Her purr is as loud as a motor, but that isn’t what stirs me from slumber. It’s how she steps on my chest, my stomach, my thigh, as if each paw has the weight of lead bricks. I push her, and she comes right back. She wants breakfast, and she doesn’t usually have to wait so long for it. I roll over and glance at the clock. 7:25 a.m.

I was supposed to have left the house 10 minutes ago.

I brush my teeth while changing. I shove books into my backpack while feeding Beyoncé. I brew coffee while brushing my hair. I tell myself I don’t need breakfast, glance in the mirror, grab the car keys and bolt out the door. Don’t ask me how I was able to finish it all so quickly. My hair looks like pipe cleaners after a kid’s playdate. My face looks like it’s been in The Shining’s hotel a few too many weeks. At least my clothes actually look like a college student’s.

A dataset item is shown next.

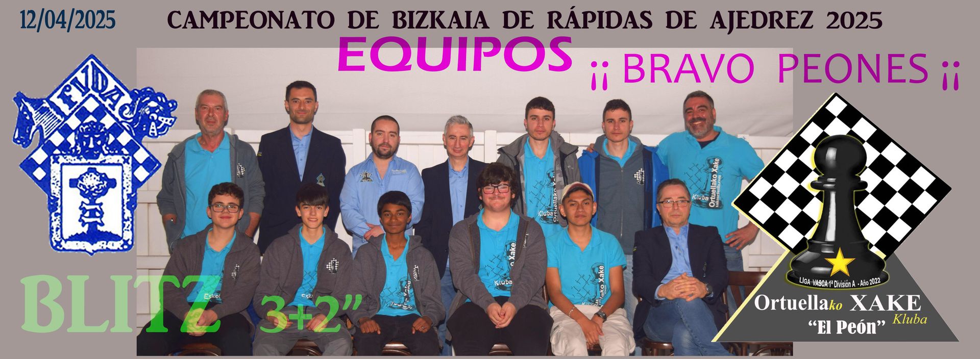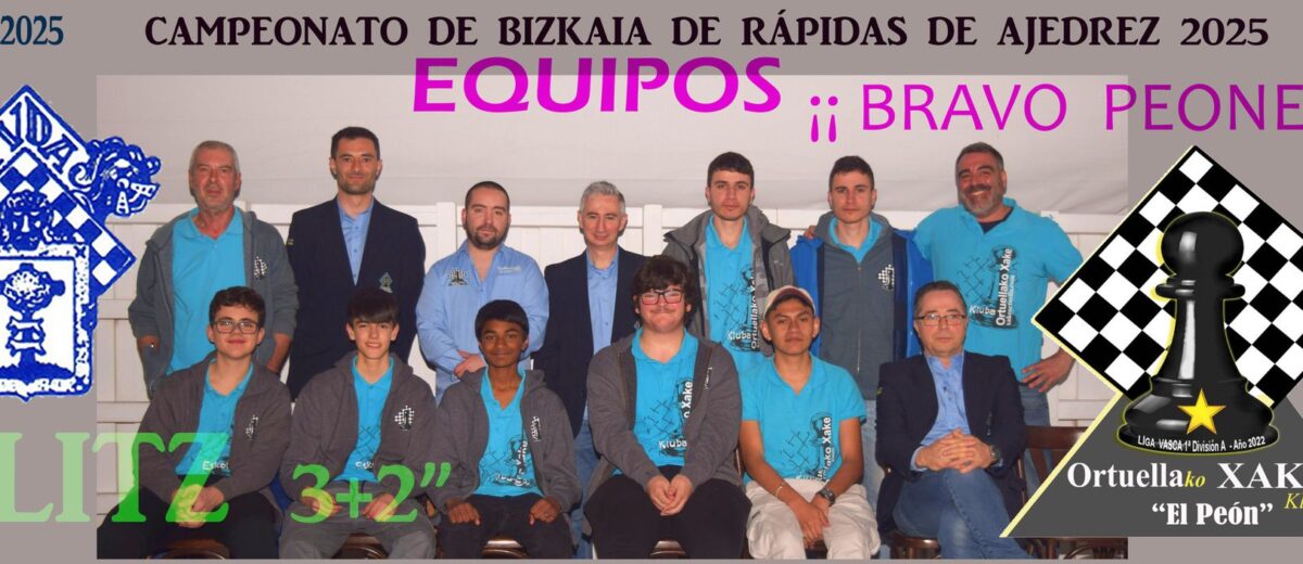 Hoy sábado, 12 de abril de 2025, LA TERMINAL de Zorrozaure de Bilbao ha sido testigo del emocionante Campeonato de Bizkaia de partidas rápidas por equipos. El Ortuellako Xake Kluba «El Peón» se presentó con tres equipos cargados de determinación y pasión por el juego: el equipo «A» liderado por Rodrigo Torre, Endika Redondo, Iker Abascal y Pablo Momoitio; el equipo «B» integrado por Julen Pilataxi, Toño Prieto, Ángel Momoitio, Isaac Zorrilla y Aitor Redondo; y el equipo «C», compuesto por los txabales (y alguno no tan txabal…) Ugaitz Etxeberria, Julen Koratty, Aitor Juárez, Eneko Etxeberria y Markel Vereda.

In the car, on the highway, five minutes until my class begins, I wonder if getting out of bed was even worth it. I blast “Girls Just Wanna Have Fun” on the radio, and I sing along in an effort to stay awake. I hate singing and I hate that song, but this is what I get for not waking up earlier, I guess. I tell myself to sleep earlier tonight so I won’t oversleep, but I doubt I’ll actually follow through. Oh well. For now, all I can think about is how fast I can speed-walk without looking desperate and how unobtrusively I can open the classroom’s door to make my way to my seat.